» WHAT TO DO
Begin with the line below holding "本网讯(记者 邓梦龄)9月1" and go on through the line holding "Those 2013 riots", duplicating each line exactly and leaving out pictures.

» RECORDS FOR THE EXERCISE
Start of Block
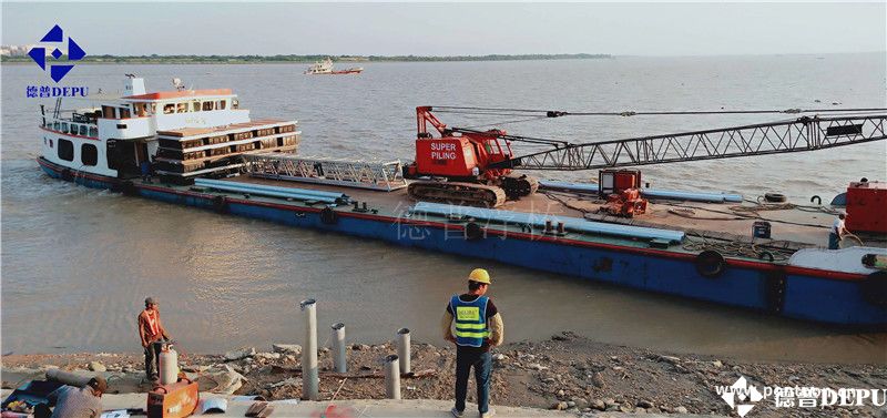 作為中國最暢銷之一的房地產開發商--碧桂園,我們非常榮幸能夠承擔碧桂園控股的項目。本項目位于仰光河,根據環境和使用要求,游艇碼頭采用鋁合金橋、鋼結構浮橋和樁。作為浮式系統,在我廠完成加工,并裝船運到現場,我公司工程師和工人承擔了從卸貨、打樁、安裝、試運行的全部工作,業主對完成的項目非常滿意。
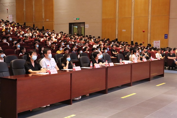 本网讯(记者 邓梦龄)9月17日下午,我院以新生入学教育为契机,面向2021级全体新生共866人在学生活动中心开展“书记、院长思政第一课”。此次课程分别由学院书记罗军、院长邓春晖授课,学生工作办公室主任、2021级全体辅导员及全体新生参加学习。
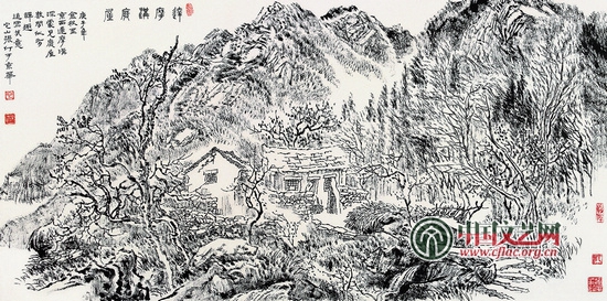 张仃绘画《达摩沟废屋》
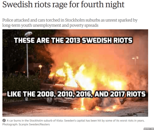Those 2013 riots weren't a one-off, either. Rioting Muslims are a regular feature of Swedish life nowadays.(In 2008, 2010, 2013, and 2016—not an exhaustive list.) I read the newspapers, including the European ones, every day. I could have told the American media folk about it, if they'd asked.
End of Block
Start of Block
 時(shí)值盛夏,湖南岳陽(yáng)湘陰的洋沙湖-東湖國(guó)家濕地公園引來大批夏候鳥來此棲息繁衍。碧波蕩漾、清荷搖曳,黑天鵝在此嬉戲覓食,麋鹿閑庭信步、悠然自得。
End of Block
» THE ANSWER
 本网讯(记者 邓梦龄)9月17日下午,我院以新生入学教育为契机,面向2021级全体新生共866人在学生活动中心开展“书记、院长思政第一课”。此次课程分别由学院书记罗军、院长邓春晖授课,学生工作办公室主任、2021级全体辅导员及全体新生参加学习。
 张仃绘画《达摩沟废屋》
Those 2013 riots weren't a one-off, either. Rioting Muslims are a regular feature of Swedish life nowadays.(In 2008, 2010, 2013, and 2016—not an exhaustive list.) I read the newspapers, including the European ones, every day. I could have told the American media folk about it, if they'd asked.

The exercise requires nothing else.